Marks MJ, Haney PJ, McDermott MP, White CS, Vennos AD
.
Knowledge of common and uncommon thoracic pathologic conditions in
children with acquired immunodeficiency syndrome (AIDS) can expedite disease
management. Chest radiography, computed tomography (CT), and magnetic resonance
(MR) imaging are useful in cases involving possible complications of thoracic
AIDS. Lymphocytic interstitial pneumonitis (LIP) is generally seen on plain
radiographs and CT scans as a diffuse, symmetric, reticulonodular or nodular
pattern, occasionally associated with mediastinal or hilar adenopathy.

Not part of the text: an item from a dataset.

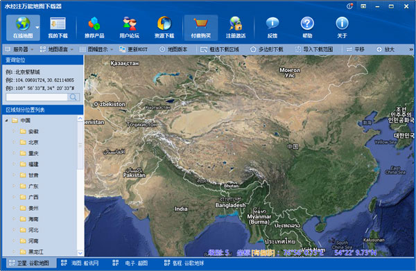 水经注万能地图下载器是成都水经注信息科技有限公司推出的一款基于谷歌、百度、必应、雅虎、高德、SOSO、诺基亚、天地图、搜狗、维基(OpenStreeMap)和E都市等十余个地图服务商服务器的多线程卫星地图下载拼接软件。

Chronic consolidations and bronchiectasis may be observed in pediatric
AIDS patients with no evidence of previous LIP. Bacterial pneumonia, a
frequent initial manifestation of AIDS, appears as lobar or segmental consolidations
on radiographs. Radiographic findings of Pneumocystis carinii pneumonia,
the most common infection, include rapidly progressive increased air-space
opacity with air bronchograms. Lymphoma often appears as a mediastinal
or hilar mass, often without involvement of the lung parenchyma. Thoracic
smooth muscle tumors have also been observed in children with AIDS. Multilocular
thymic cysts have low attenuation on CT scans and increased signal intensity
on T2-weighted MR images. Most pediatric AIDS patients with cardiac disease
have cardiomegaly, often associated with pulmonary edema, at chest radiography.
An esophagogram may show ulceration, plaque formation, mucosaledema, and
dysmotility in patients with candidal esophagitis.
Lymph > LIP
Radiographics 1996 Nov;16(6):1349-1362. Thoracic disease in children
with AIDS.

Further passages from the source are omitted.